Insiders predict interest in retransfer printing to grow rapidly in the coming years. Today, reports suggest it accounts for about 15% of printer sales, up from just 5% a few years ago.
“Over time, that might even get up to 20%,” says Connell Smith, vice president of distributed issuance, supplies and secure technology products for Datacard. The retransfer market is growing faster than the direct-to-card market, he notes.
Experts attribute that rise to the increase in the use of smart cards and the fact that costs are coming down for all types of printing. It used to be that a printer that provided good print quality cost $4,000 or more, but today it could cost just $2,500.
At the same time, interest continues to grow for traditional direct-to-card printing.
For printer manufacturer Zebra Technologies, more than 70% of the company’s printing revenues come from low to midrange direct-to-card printers and printer media, says Kelly Ambriz, senior product manager for Zebra.
At both ends of the spectrum, Ambriz says sales are strong with printing unit revenues hitting record levels in a recent quarter. “The market is good right now, and we expect to see that into next year, too,” he says.
Through its Fargo printer line, HID Global has offered both printing methods for a decade and a half, says Jim Meier, senior director of product marketing for HID. He says the growing demand for technology cards drove the addition of retransfer printing to HID’s offerings in 1999.
“There was always this desire to print on these types of cards, and this really was the way to do it in the most effective manner,” he explains.
Datacard’s Smith points to three reasons why organizations prefer retransfer printing.
One is for over-the-edge printing in which the image is prominent. Direct-to-card printing produces images that don’t bleed over the edge of a card, and that can create a white line around the border of the card. That might not be an issue for grade school student ID badges, but a financial institution wants a more sophisticated card appearance, he explains. By printing onto a clear film, the retransfer method can produce over-the-edge printing without any white border.
The second is for the flatness of cards. If a card isn’t flat or even, a direct-to-card print head won’t be able to transfer the image reliably. “This is one of the reasons I think retransfer has grown,” Smith says, referring to the increase in the use of smart cards that often have a dimple on the card where the chip is embedded.
The third reason for using retransfer is that it enables printing on a wider range of plastics. Whereas direct-to-card printing works only on PVC plastic because of its porous surface, retransfer can accommodate multiple print surfaces, including sturdier materials such as polycarbonate and PETG. Although PVC accounts for about 90% of the cards printed in the world, high-end government cards sometimes call for stronger types of plastic.

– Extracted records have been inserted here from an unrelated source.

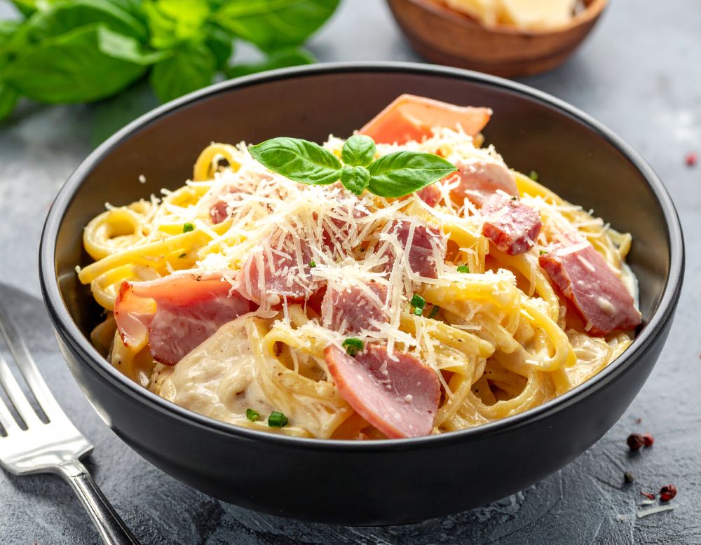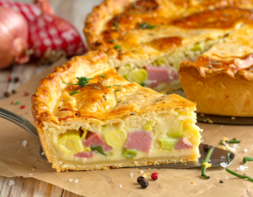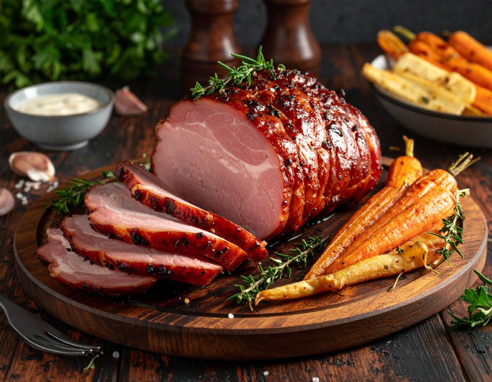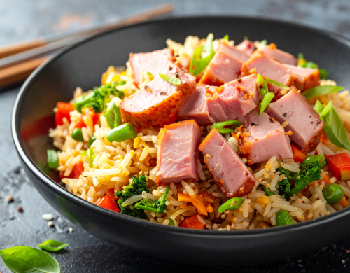 Mix the sweet potato cubes in olive oil and paprika, then roast at 200°C for about 20 minutes until tender. While they roast, fry the onion and pepper in a pan until soft, then stir in the gammon. Add the roasted sweet potatoes, season with salt and pepper, and mix everything together.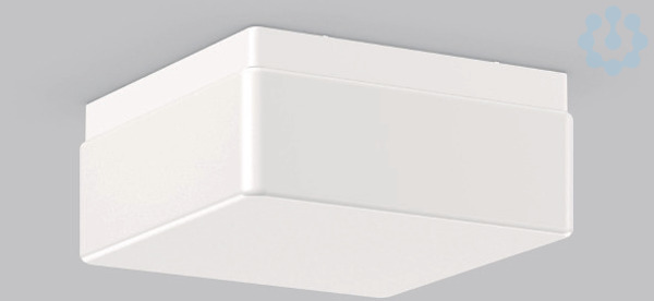 Quadratische Anbauleuchte im klassischen Design. Armatur Kunststoff. Mundgeblasenes Opalglas seidenmatt. Glasbefestigung mit Federsystem. Geeignet für Deckenanbau, Wandanbau. IP 43 Deckenmontage, IP 44 Wandmontage.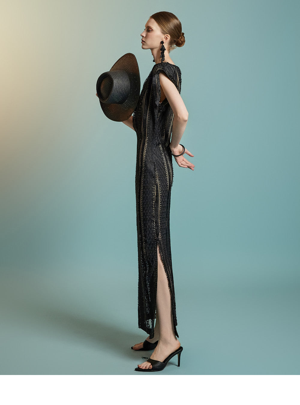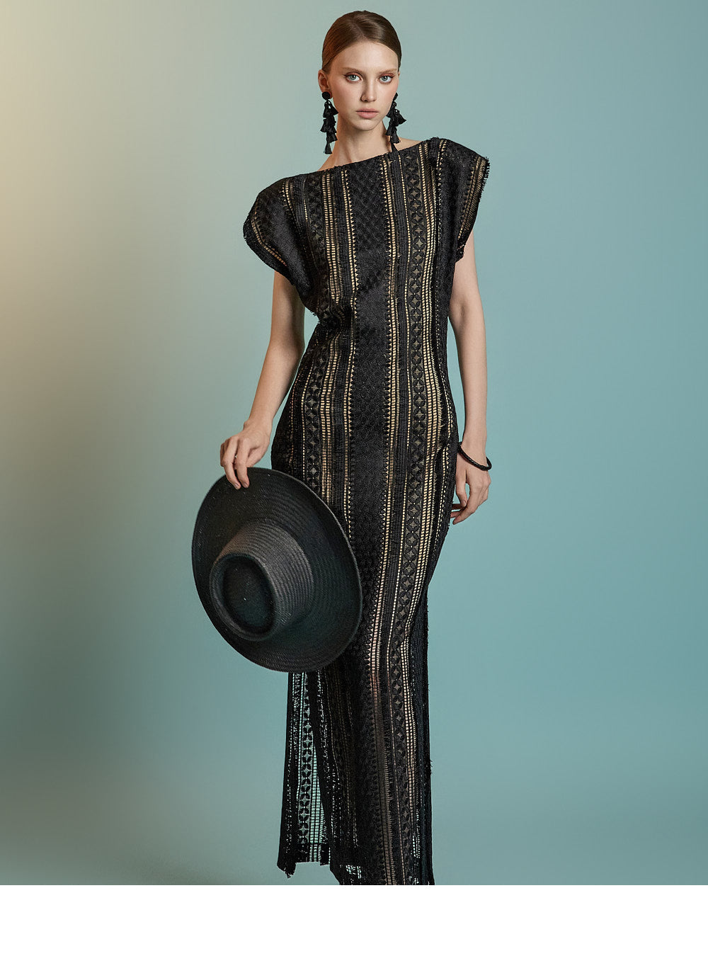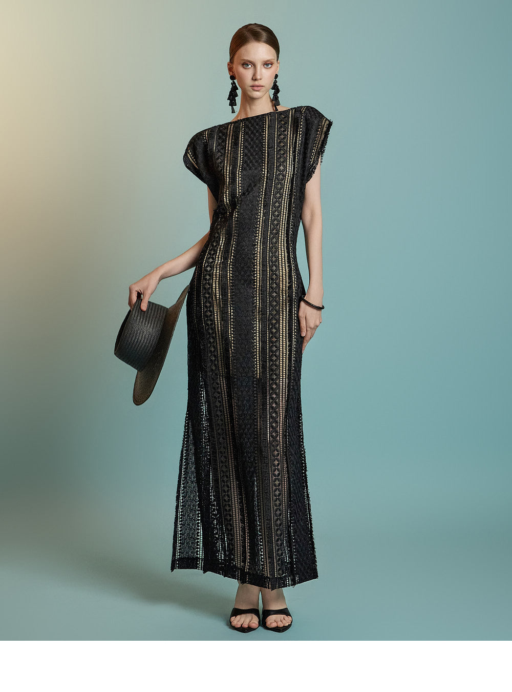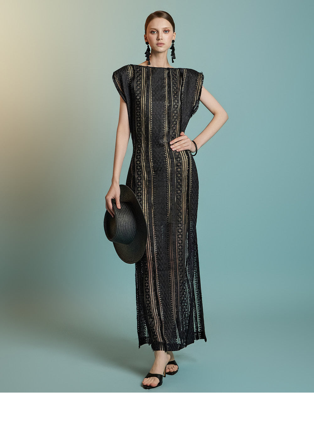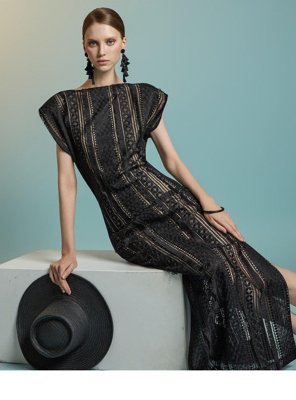 The delicate lace texture is complemented by raw-edge shoulder finishes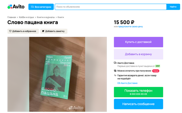 При этом книгу активно перепродают на «Авито» по цене от 750 до 15 500 рублей.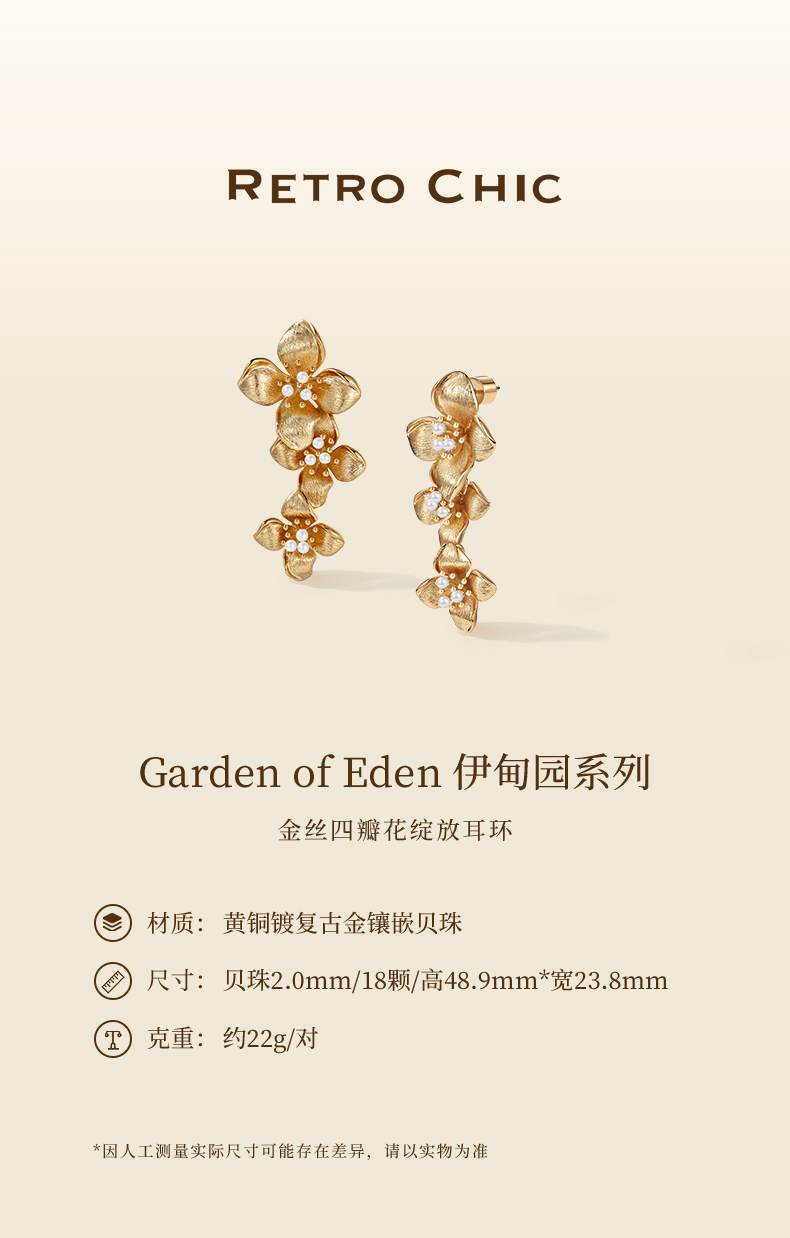 【左小青&孙怡&靳梦佳同款】Garden of Eden 伊甸园系列 | 金丝四瓣花绽放耳环

And then there’s added security. Retransfer printing can enable the higher levels of card security by allowing the incorporation of techniques – such as a holographic and other visual security elements – in the transfer film and overlay process.
Cards printed with retransfer film make it easier to detect fraud. “If an attempt to alter the image has been tried, it is easier to detect because the film will be affected,” Ambriz says.